Silicon may be running out of steam for high performance/low power electronics as it strains against the physical limits of performance. Could a material like InGaAs make a switch expense worthwhile?

In the consumer electronics industry, the mantra for innovation is higher device performance/less power. Arun Thathachary, a Ph.D. student in Penn State's Electrical Engineering Department, spends his days and sometimes nights in the cleanroom of the Materials Research Institute's Nanofabrication Laboratory trying to make innovative transistor devices out of materials other than the standard semiconductor silicon that will allow higher performance using less power.

Silicon has been the most successful material of the 20th century, with major global industries and even a valley named after it. But silicon may be running out of steam for high performance/low power electronics. For example, the compound semiconductor indium gallium arsenide is known to have far superior electron mobility than silicon. As silicon strains against the physical limits of performance, could a material like InGaAs provide enough of an improvement over silicon that it would be worth the expense in new equipment lines and training to make the switch worthwhile? Samsung, one of the world's largest electronics companies, has funded Thathachary through his adviser, professor of electrical engineering Suman Datta, in a project to help them find out.

In an article in the journal Nano Letters early this year, Thathachary and his coauthors described a novel device prototype designed to test nanowires made of compound semiconductors such as InGaAs. Their goal was to see for the first time if such a compound material would retain its superior electron mobility at nanoscale dimensions in a so-called FinFET device configuration, the standard transistor architecture for sub-22 nanometer technology.

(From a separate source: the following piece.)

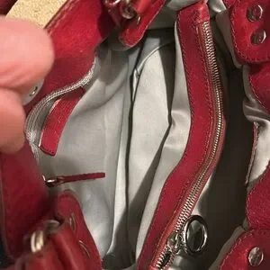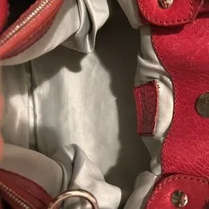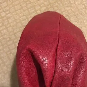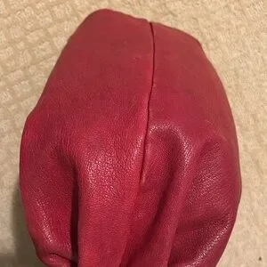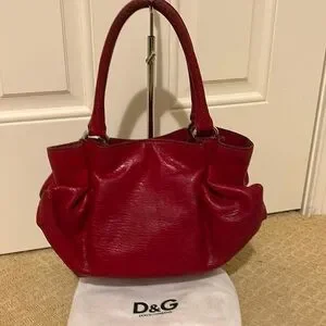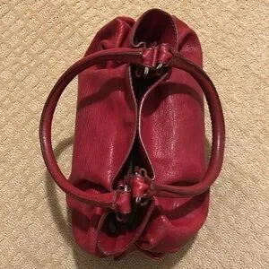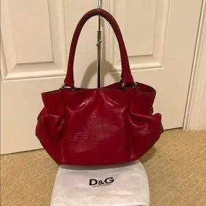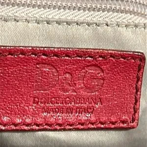Elevate your style with this stunning dark red leather bag from Dolce & Gabbana. Perfect for any occasion, this bag combines elegance and functionality. Pleating at front, back and sides. Leather has minimal wear but handles have some darkening. Pleating on one side is slightly looser than other side but is not readily noticeable. Interior is clean. Includes mirror compact and dustbag.

"We developed a novel test structure called a Multi-fin Hall Bar Structure. It is the first such measurement of Hall mobility in a multi-fin 3D device," Thathachary said. "If you look at mainstream chip production today, all transistors are made in a 3D fashion, and because they are made in 3D rather than the earlier planar design, several mechanisms can degrade performance. What we looked at in that paper is how much degradation do you really suffer when going from a planar 2D surface to, in this case, 30 nm size features that are confined in 3D?"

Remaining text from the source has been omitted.